979. ELTON JOHN, "This Train Don't Stop There Anymore" Produced by Patrick Leonard; written by Elton John & Bernie Taupin
Polygram International 588895 2002 Did not make pop charts
Oh, I have a confession to make. I've never really liked Elton John much. (My sister will kill me.) As you can probably guess by this point, it's not that I don't like sentimentality. I just don't like his kind of sentimentality--or Bernie Taupin's kind of sentimentality--it's so confusing. I'll get to that soon. I don't know. Maybe it's a Brit thing.
In any case, I love this song, in no small measure because it sounds at first blush like a repudiation of everything John and Taupin had done for over thirty years. This leads us into the hall of mirrors, the question of who means what precisely. The video for this song is a striking continuous take of a surprisingly bearable Justin Timberlake as a young Elton wandering backstage at an early 70s arena show where virtually anything a young man could want is offered somewhere, in one of the rooms off that seemingly endless corridor. In this case, song and image blend beautifully, and that makes one think that this song communicates Elton's actual feelings about his past and present.
But then you remember that it's Taupin not John who writes the lyrics. John just writes those chords around the pre-existing words, the same chords that he has freely admitted in interviews he has stolen outright from Anglican Church hymns.

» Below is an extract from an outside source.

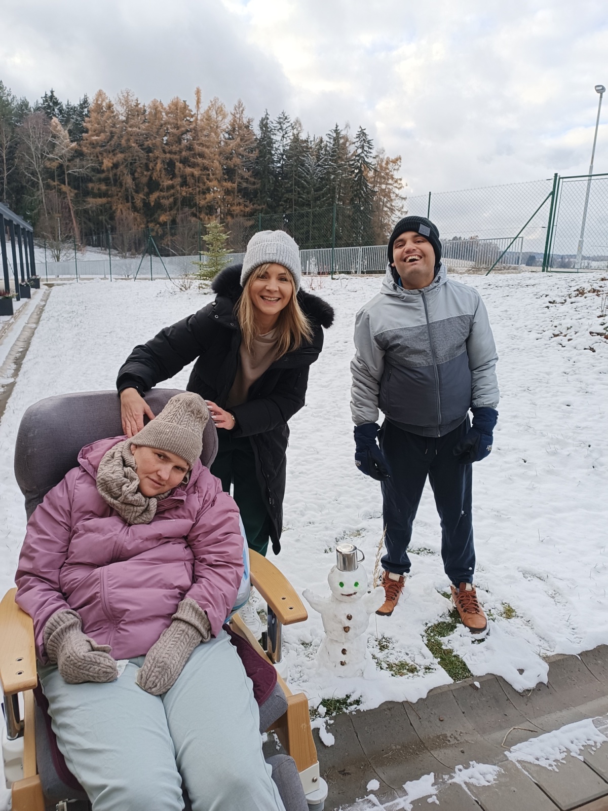 Tak ne jen na horách, ale i my jsme se konečně dočkali v Barevných domkách sněhové nadílky. ❄️🏡 Sice nenapadla kupa sněhu, ale i tak si uživatelé Měsíčního bytu dokázaly zpříjemnit pobyt na venkovní terase, i když byl velmi chladný den. Společně jsme vytvořili našeho prvního letošního sněhuláka, na kterého jsme byli pyšní. ☃️

These are Taupin's words, but are they words he has chosen to write about John's life?
The key to surviving this song is the bridge, as textbook an example of what a bridge is supposed to do as Tin Pan Alley ever produced. The singer and the lyricist are both running down, and the song is a defense against the exhaustion of age. What they both mean is that this train doesn't want to stop. Whether it will . . . well, that's anybody's guess.